Il était seul.
Fût-il entouré de gens, d’autres humains…, fût-il dans un endroit… crowded…, eut-il pu sentir la sueur, la puanteur, ou la douceur d’une autre… personne… ; tout cela n’eût fait aucune différence : il était seul.
Machinalement se levait son bras, régulier en était l’intervalle, bien huilée, la mécanique. Perdus dans le vide, vitreux étaient ses yeux. Immobile, le reste. Aveugle sans l’être. Mort sans l’être. Un épouvantail, sans devenir.
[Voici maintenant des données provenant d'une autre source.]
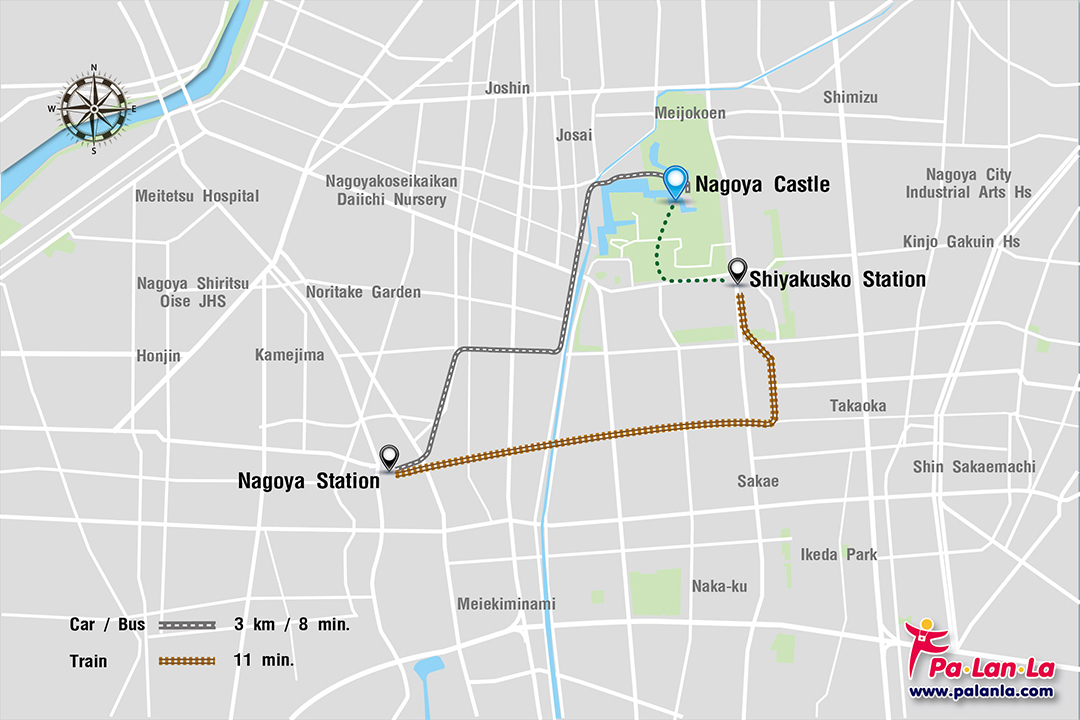 - รถยนต์ จาก Nagoya Station ไปยังปราสาทนาโกย่า ระยะทางประมาณ 3 กิโลเมตร ใช้เวลาเดินทางประมาณ 8 นาที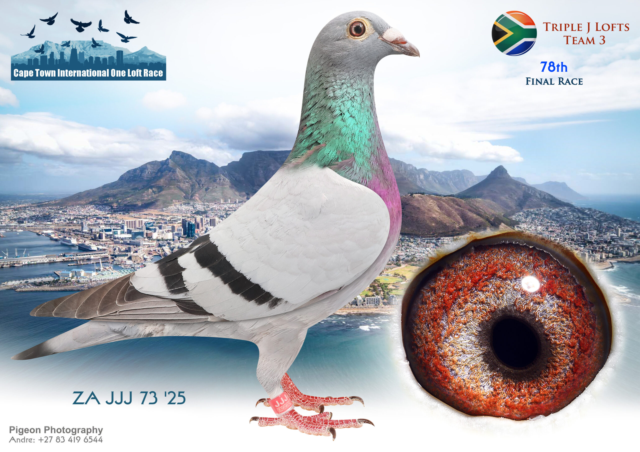 LOT 94 CAPETOWN LOFTS – Triple J Lofts Team 1-ZA-JJJ-25-323*** -Sire: ‘SAFARI’ ZA 2023 JJJ 40 Notes: BRED FOR STOCK – RELATED TO 2012, 2013 & 2016 SAMDPR FINAL WINNERS!————-Dam: ‘GOODA GOODA’ ZA 2024 JJJ 066 Notes: Full sister 419th 2024-25 Pattaya 530km Final Race!!SEE PEDIGREE!!!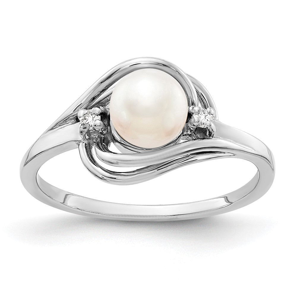 14k White Gold Freshwater Cultured Pearl Diamond Ring (5.5mm), Size 6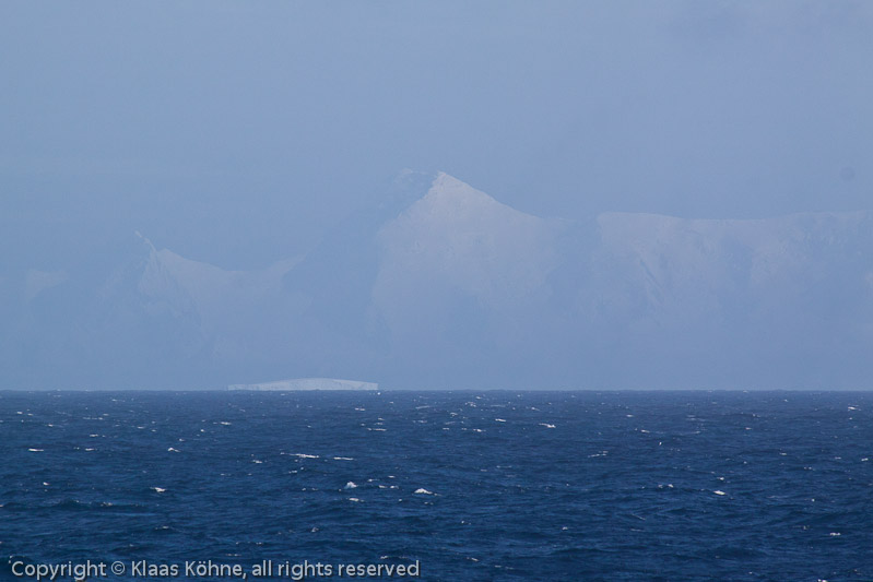 Die schneebedeckten Berge von Livingstone Island im Dunst bei der Anfahrt von Norden mit flachem Eisberg im Vordergrund.

Quelque chose lui restait, néanmoins, c’était ce petit mouvement, quand le petit objet qu’il tenait dans sa main, et qui semblait l’empêcher de tout bonnement s’écrouler, venait à s’être vidé, oui, ce petit mouvement où, il tapotait très faiblement la table, et où, bien vite après, apparaissait dans sa main un autre petit objet, en tout point similaire au précédent, et qui lui permettait, à nouveau, c’est ce qui semblait, qu’il ne s’écroulât pas sur le sol en crevant comme un chien.
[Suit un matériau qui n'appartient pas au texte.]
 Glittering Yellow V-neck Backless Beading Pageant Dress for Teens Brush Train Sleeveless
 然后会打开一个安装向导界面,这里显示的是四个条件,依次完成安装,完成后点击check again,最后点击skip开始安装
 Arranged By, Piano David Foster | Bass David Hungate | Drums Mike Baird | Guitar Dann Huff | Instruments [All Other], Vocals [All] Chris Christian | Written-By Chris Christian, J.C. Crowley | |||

Oui, la terre eut pu s’effondrer autour de lui, tant qu’il tenait cette chose, remplie, dans sa main, il aurait continué à être là, sans s’en apercevoir.
Oui, le bras continuait de se lever, de se baisser, le tapotement sur la table intervenait encore lorsque nécessaire, et ce circuit roulerait sans interruption, toute la soirée.
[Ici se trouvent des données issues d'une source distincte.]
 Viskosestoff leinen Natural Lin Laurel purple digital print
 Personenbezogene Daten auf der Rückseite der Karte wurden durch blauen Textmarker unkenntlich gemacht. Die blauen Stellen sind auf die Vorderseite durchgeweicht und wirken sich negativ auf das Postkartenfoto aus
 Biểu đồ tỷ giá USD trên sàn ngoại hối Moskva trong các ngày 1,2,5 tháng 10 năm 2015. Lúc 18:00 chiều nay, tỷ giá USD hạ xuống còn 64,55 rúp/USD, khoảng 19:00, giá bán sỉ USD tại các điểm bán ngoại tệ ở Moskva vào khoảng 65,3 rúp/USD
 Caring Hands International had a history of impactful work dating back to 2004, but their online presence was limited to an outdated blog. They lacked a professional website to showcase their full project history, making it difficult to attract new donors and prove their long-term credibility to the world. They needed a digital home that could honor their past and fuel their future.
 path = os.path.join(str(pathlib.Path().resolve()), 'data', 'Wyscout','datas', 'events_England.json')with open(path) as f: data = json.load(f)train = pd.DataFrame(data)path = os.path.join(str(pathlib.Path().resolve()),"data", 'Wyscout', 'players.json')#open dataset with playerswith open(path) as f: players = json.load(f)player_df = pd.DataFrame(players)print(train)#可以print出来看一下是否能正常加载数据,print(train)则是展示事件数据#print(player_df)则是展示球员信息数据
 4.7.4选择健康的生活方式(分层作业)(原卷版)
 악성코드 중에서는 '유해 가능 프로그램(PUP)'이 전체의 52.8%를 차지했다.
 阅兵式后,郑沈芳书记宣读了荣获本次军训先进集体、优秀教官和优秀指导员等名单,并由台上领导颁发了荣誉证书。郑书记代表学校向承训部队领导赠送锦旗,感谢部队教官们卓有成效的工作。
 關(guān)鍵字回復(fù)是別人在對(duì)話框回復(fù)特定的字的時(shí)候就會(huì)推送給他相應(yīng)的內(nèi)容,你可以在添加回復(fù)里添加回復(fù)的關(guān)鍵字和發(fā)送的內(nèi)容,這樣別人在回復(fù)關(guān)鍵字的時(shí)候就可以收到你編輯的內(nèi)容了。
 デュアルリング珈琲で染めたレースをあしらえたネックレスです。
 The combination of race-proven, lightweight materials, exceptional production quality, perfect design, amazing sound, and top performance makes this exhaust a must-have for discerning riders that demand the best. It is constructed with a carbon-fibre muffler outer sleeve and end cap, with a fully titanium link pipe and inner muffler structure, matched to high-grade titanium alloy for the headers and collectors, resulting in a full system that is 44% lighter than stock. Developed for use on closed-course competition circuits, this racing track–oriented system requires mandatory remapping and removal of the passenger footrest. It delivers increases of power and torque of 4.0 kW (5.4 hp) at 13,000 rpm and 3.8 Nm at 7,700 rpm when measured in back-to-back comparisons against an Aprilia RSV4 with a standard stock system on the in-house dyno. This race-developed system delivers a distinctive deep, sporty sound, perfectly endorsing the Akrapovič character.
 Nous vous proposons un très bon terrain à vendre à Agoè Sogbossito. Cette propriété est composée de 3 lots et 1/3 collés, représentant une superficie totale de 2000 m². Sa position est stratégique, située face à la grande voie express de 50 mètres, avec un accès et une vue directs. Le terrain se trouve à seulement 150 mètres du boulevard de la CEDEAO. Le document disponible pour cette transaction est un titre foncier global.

Que pouvait bien penser un homme dans cet état, à cet instant ? Peut-être, ne pensait-il même plus. Plus qu’une masse inerte et silencieuse ; qu’un homme reste trop longtemps triste, et sa tristesse n’aura plus besoin de motif, elle le sera devenue : il est mieux être triste que ne rien être.
Mais, peut-être, tandis que, sans raison, il braque soudain son regard sur le liquide que contient son verre, il aperçoit son reflet. Qu’y voit-il ? Sa vie passée ? Y défile-t-elle, alors que lui a renoncé ? Lui revient-il soudain, entre autres choses, par hasard, cette femme, qu’il a, dans un lointain, aimée ? Est-ce la douleur, qu’il sent alors ? Celle, qu’il avait oubliée ? Voulu oubliée… Se racle-t-il la gorge pour cracher sur le sol pendant que ces souvenirs étranges l’assaillent ?
Non, très certainement que non. Très certainement que l’image liquide a disparu dans sa bouche lorsque le corps a repris son automatisme. Très certainement a-t-il vidé ce petit objet, puis, très certainement, en a-t-il rapidement eu un autre dans la main, puis, encore un autre, et ainsi de suite. Oui, très certainement que durant toute la soirée, il a continué, à tout vider. Jusqu’à ce qu’il ne restât plus rien. Pas même lui.